Какой-то автобус, возможно, набитый туристами, гудит на трассе, соединяющей в одну немыслимую упряжку Марин и Понтеведру; юго-западный ветер доносит до меня эти гудки, словно стенание, унося прочь вязкие образы и мрачные предчувствия. Ветер этим утром как будто обезумел, он постоянно меняет направление, сбивает с толку чаек, которые то вдруг взмывают ввысь, то так же неожиданно опускаются на поверхность моря, содрогнувшись в безумном падении. Тысячи чаек садятся между двумя мостами, там, где раньше была Шункейра, превращенная в мусорную яму, с тем, чтобы в дальнейшем стать строительной площадкой. На море будет сильное волнение, его принесет западный ветер. Самое позднее завтра, возможно, и сегодня, но уж в любом случае послезавтра. Грустно прийти сюда для того, чтобы узнать, что ветер дует со всех сторон, что чайки спешат укрыться между двумя мостами, а деревья нашептывают мелодию забытых песен моего беспамятства, и почувствовать, как бьется сердечная мышца. Грустно.
Я остановилась на том, что мы прожили в М. еще два года и что я почти ничего не помню об этих годах. У меня не осталось воспоминаний о времени; если я что и помню, так это места: зоопарк, например, с его удивительными животными — неопрятность вечно грязных обезьян, невозмутимость хищников, влажный блеск змей, скользкая шерсть нутрий, изящество тюленей, выписывающих немыслимые пируэты в теплой воде бассейна, гнетущая тяжесть бегемотов и других толстокожих. Я помню музей естественной истории с его скелетами, бывшими некогда живыми существами, ошеломленно застывшими в искусственных позах в несвойственной для них обстановке; грустно было смотреть на них. Я помню большую картинную галерею, долгие часы, что мы там бродили, и мягкий голос отца, открывавшего мне все — от услады садов до веласкесовского неба. По прошествии этих двух лет отец позвал нас к себе, вернее, приехал сообщить нам о своем решении: нам лучше будет в П., маленьком городке недалеко от его епископской резиденции, хотя и не слишком близко к ней.

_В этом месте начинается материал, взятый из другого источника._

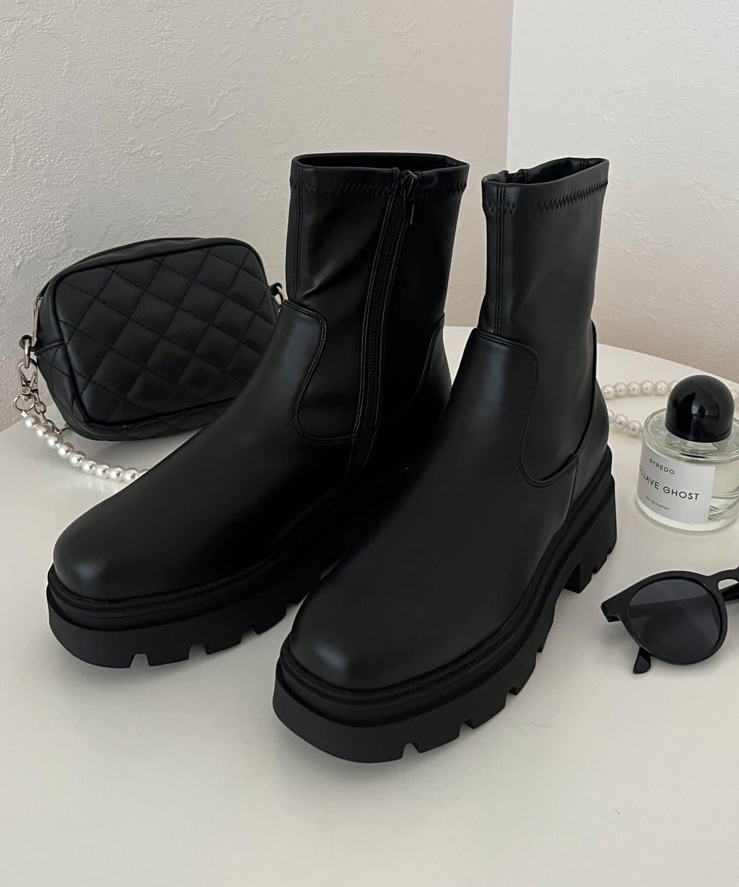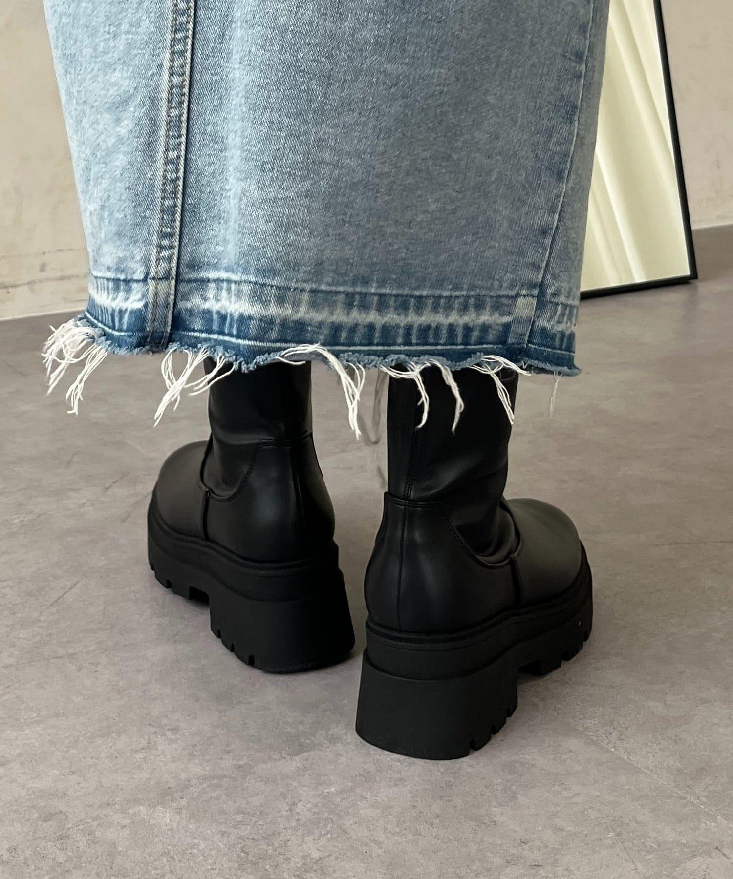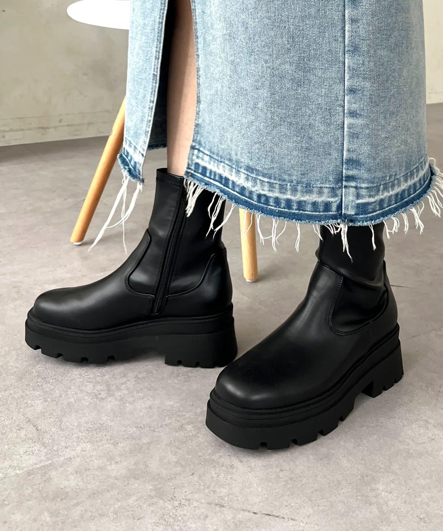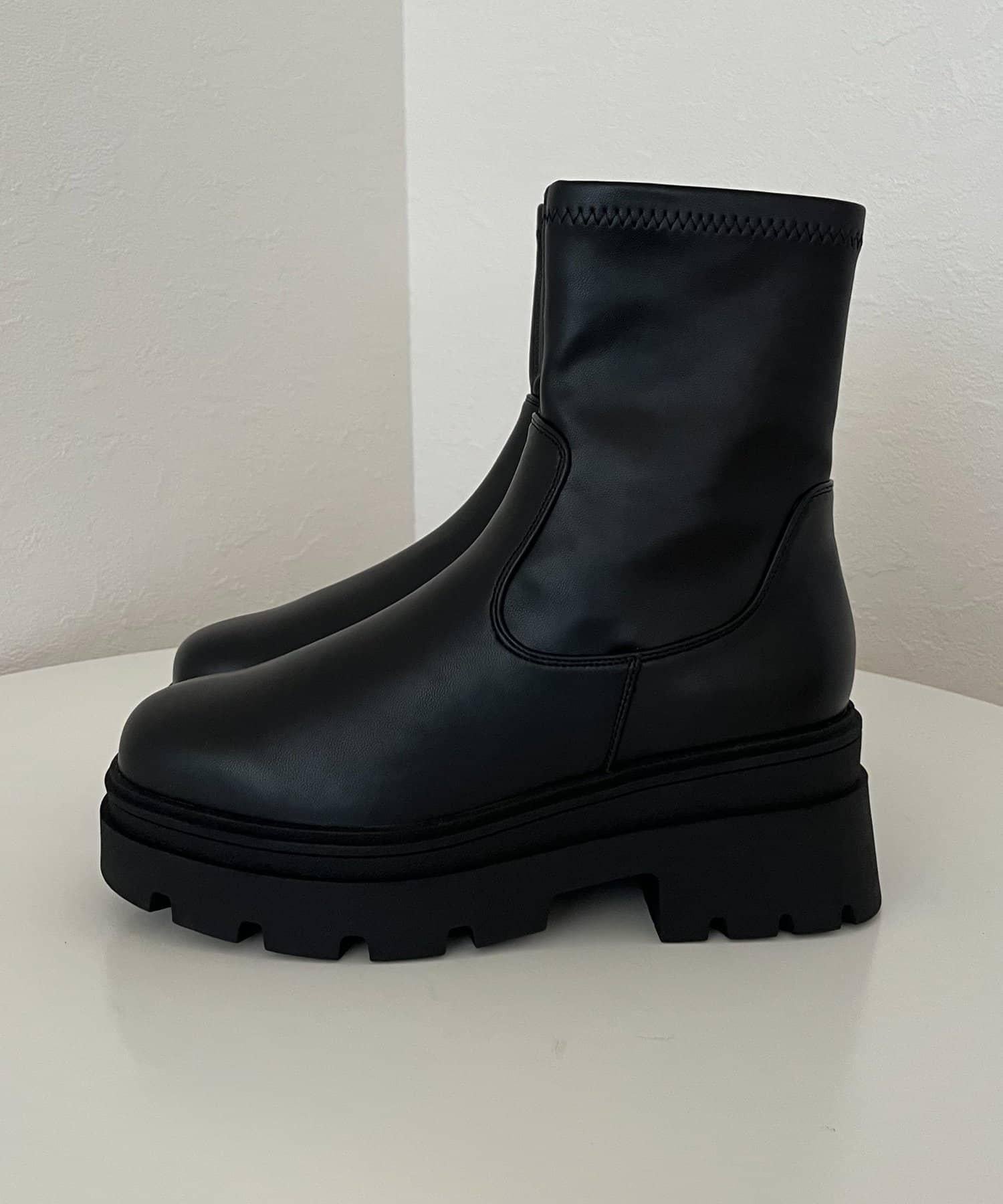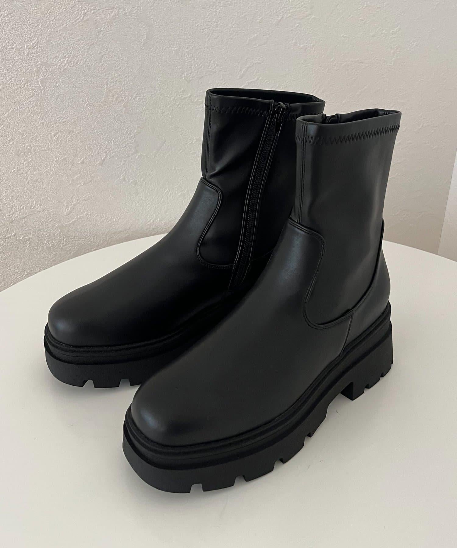 厚底粗跟彈力短靴,具有拉長腿部線條的效果!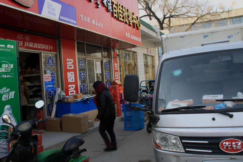 分布在新洋城鎮的三個菜鳥驛站每天人來人往領取快遞包裹,服務員忙得不亦樂乎。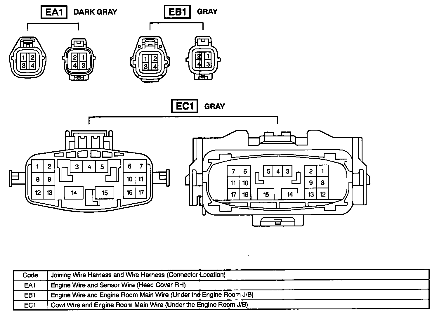 Wire Harness To Wire Harness Connectors (EA1 - EC1):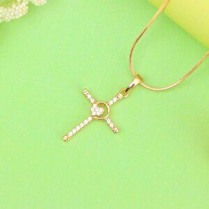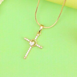 This modern cross pendant features a heart-shaped center detail, beautifully adorned with shimmering stones and finished in gold plating over high-quality brass.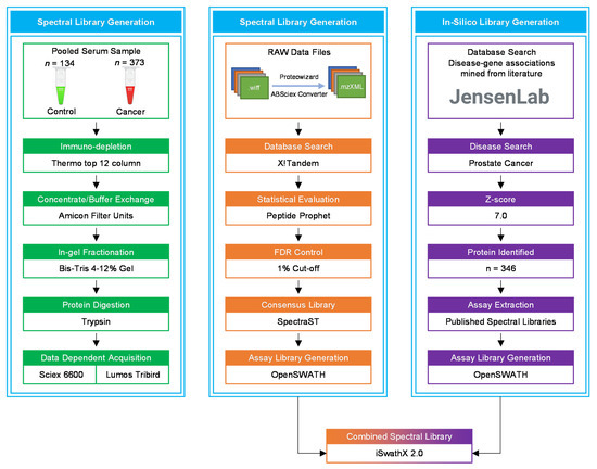 Figure 8. A flowchart of the data acquisition and spectral library generation workflow. The pooled samples were immuno-depleted of the top 12 abundant proteins, followed by protein concentration, in-gel fractionation, and in-gel tryptic digestion. All samples were analysed using LC-MS/MS for data dependent acquisition (DDA). In the OpenSWATH library generation pipeline, X!Tandem was utilised for database search of raw MS files. The in silico library was created by extracting PCa-related proteins from the Disease database using a z-score cut-off of 5.0. iSwathX, a web-based tool, was used to merge all four assay libraries.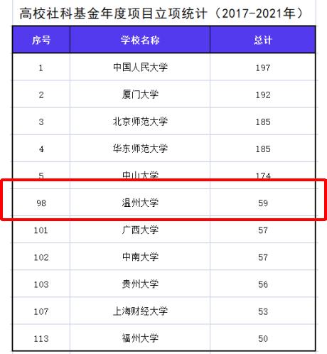此外,我校在近五年(2017-2021年)国家社科基金重大项目立项统计中位于全国第111位,表现也十分亮眼。这些数据客观充分地展示了我校文科学科实力。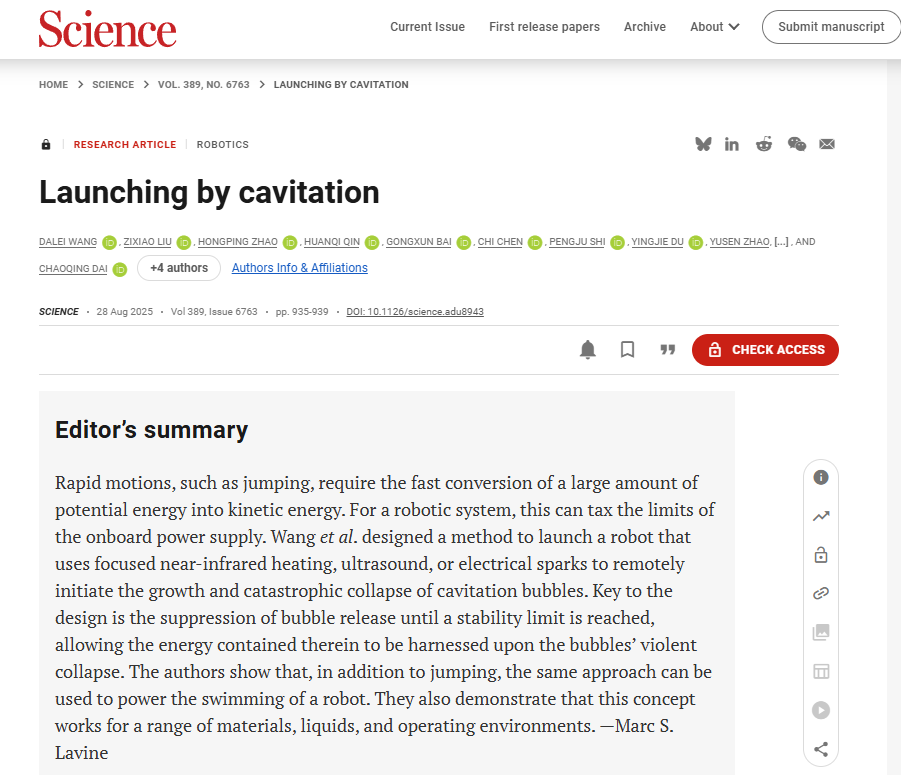 8月29日,浙江農林大學全國重點實驗室戴朝卿教授團隊與加州大學洛杉磯分校賀曦敏教授團隊合作,在國際頂級學術期刊Science上發表了題為Launching by Cavitation的研究論文。這也是浙江農林大學學者首次以第一完成單位和通訊作者單位在Science雜志上發表研究論文。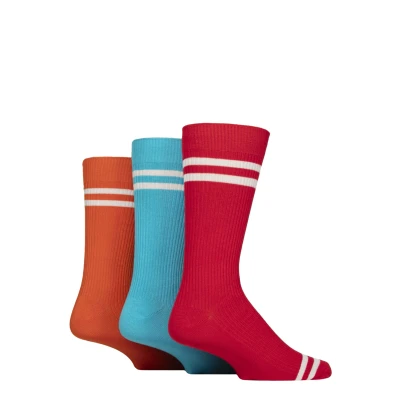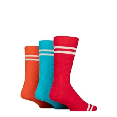 Mens 3 Pair Glenmuir Bamboo Leisure Socks Sports Stripes Red / Orange Blue 7 11

Дом, куда он нас привез, был огромный, в три этажа и с садом, который в моих воспоминаниях предстает романтичным и запущенным; это был сад с беседкой, прудами в окружении плакучих ив, каменными скамьями, с роскошным виноградником прямо возле дома, куда можно было спуститься по белой застекленной галерее, если заходить слева, или из крытой террасы, где с весны до осени любила гладить Эудосия, если вы хотели войти туда справа. В каком-то месте сада, которое я сейчас не могу точно определить, росло великолепное ореховое дерево, под ним находился круглый стол необыкновенных размеров; как я теперь предполагаю, он вполне мог быть старинным мельничным колесом какой-нибудь кожевенной фабрики; вокруг стола располагались четыре полукруглые скамьи, как бы охранявшие стоявший в центре стол. В саду, отличавшемся барочной пышностью, росли также две магнолии, четыре камелии, а в дальнем конце можно было увидеть фруктовые деревья и открытое ковровое пространство газона, за ними — грядки с перцем, фасолью, салатом и прочими овощами и зеленью, растущими на нашей земле. Завершалась усадьба хлевом, в котором содержались две свиньи, а также курятником.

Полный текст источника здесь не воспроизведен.